The sale of $126 million in City of Falls Church municipal bonds, the largest in the City’s history, to pay for construction of an all-new high school, renovation of the city library and stormwater improvement was consummated Tuesday at a remarkably low 2.71 percent interest rate. $111 million of the total was for 30-year bonds (for the high school) and $14 million for 20 years.
The low interest rate compares to the 4.5 percent rate that was put into the model for the new high school that voters overwhelmingly approved in November 2017. The differential between what citizens voted to support and what the actual cost of the debt has turned out to be is over $30 million, the City’s Chief Financial Officer Kiran Bawa told the News-Press Tuesday.. That is a savings to City taxpayers spread out over 30 years.
“This is a combination of good financial planning and good luck,” City Manager Wyatt Shields told the News-Press Tuesday. Had the City chosen to sell the bonds six months ago, when the parameters of the projects were complete, interest rates were still over 3 percent. “We chose to wait until the agreements for not only the new school construction but also for the 10-acre West End development project were finalized, and that turned out to be fortuitous.”
The final closing of the bond sale will come Nov. 7, but nothing but preparation of the paperwork will happen in the meantime. The buyer of the bonds is Morgan Stanley.
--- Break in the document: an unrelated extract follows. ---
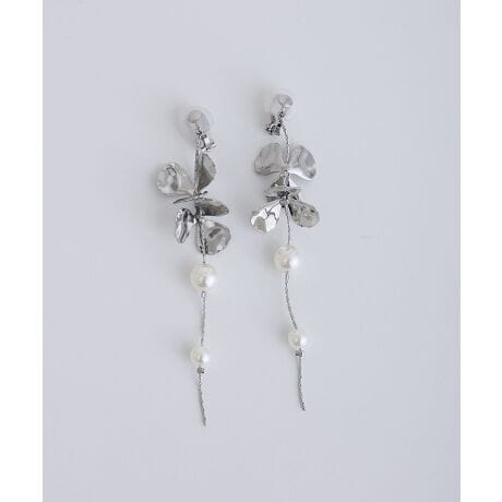 華奢なチェーンに、花びらのようなモチーフとパールが連なるイヤリング。

The West End development continues apace, with the high school now well into its construction with a completion date of December 2020, and the City unveiling its wider West End small area development plan at a public meeting this Saturday at 9 a.m. at the Falls Church Episcopal Church fellowship hall. The preliminary unveiling of the 10-acre economic development project, which is slated to commence in January 2021 as soon as the new high school is completed and occupied allowing for the demolition of the old school, will come to the F.C. School Board, and City boards and the City Council on Nov. 11, with a town hall meeting to present the draft to the entire community on Nov. 13.